/scoringutils

Utilities for Scoring and Assessing Predictions

Primary LanguageROtherNOASSERTION

scoringutils: Utilities for Scoring and Assessing Predictions

R-CMD-check codecov CRAN_Release_Badge develVersion metacran downloads

The scoringutils package provides a collection of metrics and proper scoring rules that make it simple to score probabilistic forecasts against the true observed values. The scoringutils package offers convenient automated forecast evaluation in a data.table format (using the function score()), but also provides experienced users with a set of reliable lower-level scoring metrics operating on vectors/matriced they can build upon in other applications. In addition it implements a wide range of flexible plots that are able to cover many use cases.

The goal of this package is to provide a tested and reliable collection of metrics that can be used for scoring probabilistic forecasts (forecasts with a full predictive distribution, rather than point forecasts).

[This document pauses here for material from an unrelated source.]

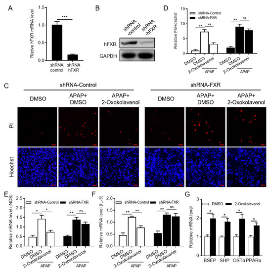 2-Oxokolavenol alleviated APAP-induced hepatocyte damage in a partial FXR-dependent manner. Human liver WRL68 cell line (from ATCC) with silenced FXR (shRNA-FXR WRL68) was established with lentivirus technology, and scrambled shRNA was used as control (shRNA-control RWRL68). (A,B) The efficacy of FXR silencing in shRNA-FXR WRL68 cells was identified by measuring FXR mRNA (A) and protein (B) levels. (C) The shRNA-control and shRNA-FXR WRL68 cells were treated with APAP for 6 h after pre-treatment with 2-oxokolavenol or DMSO for 18 h, then Hoechst33342 and propidium iodide (PI) stains were used. Hoechest33342 can stain all cells, but PI will only stain damaged cells due to inadequate membrane permeability. (D) Relative quantification of PI/Hoechst33342-positive cell ratios in fluorescent images from (C). (E) Relative iNOS mRNA levels. (F) Relative IL-6 mRNA levels. (G) Relative mRNA levels of FXR target genes in WRL68 cells. p values were determined by one-way ANOVA with Tukey’s multiple comparison post hoc test, ns, no significance, * p < 0.05, ** p < 0.01, *** p < 0.001. Values represent the means ± SEM of three independent experiments.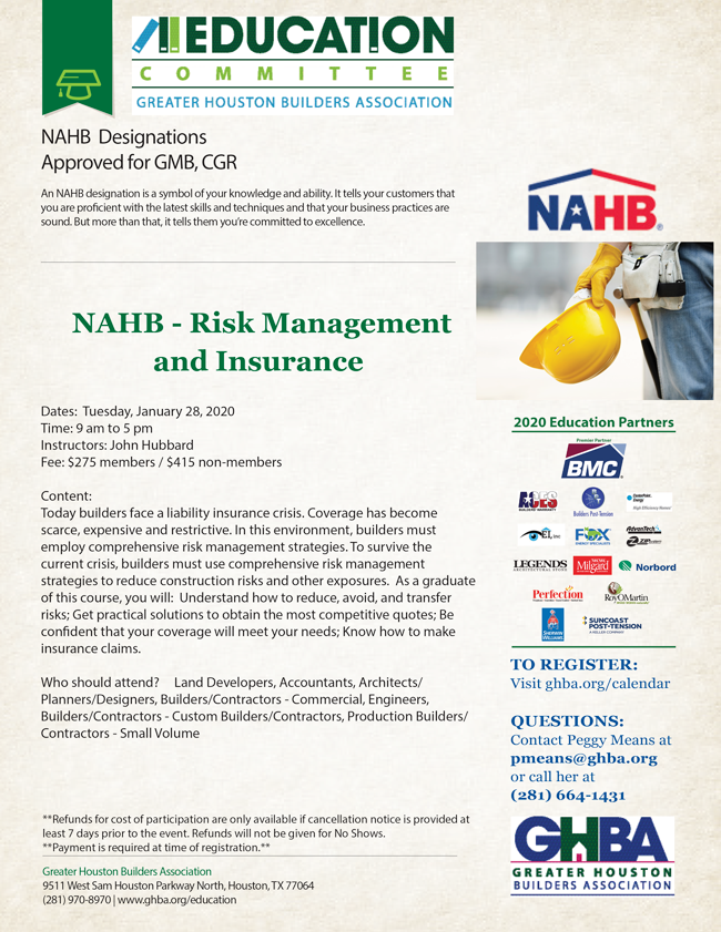 NAHB - Risk Management & Insurance**ONLINE REGISTRATION CLOSED**

It has a much stronger focus on convenience than e.g. the scoringRules package, which provides a comprehensive collection of proper scoring rules (also used in scoringutils). In contrast to other packages, scoringutils offers functionality to automatically evaluate forecasts, to visualise scores and to obtain relative scores between models.

Predictions can be handled in various formats: scoringutils can handle probabilistic forecasts in either a sample based or a quantile based format. For more detail on the expected input formats please see below. True values can be integer, continuous or binary.

Installation

Install the CRAN version of this package using:

install.packages("scoringutils")

Install the stable development version of the package with:

install.packages("scoringutils", repos = "https://epiforecasts.r-universe.dev")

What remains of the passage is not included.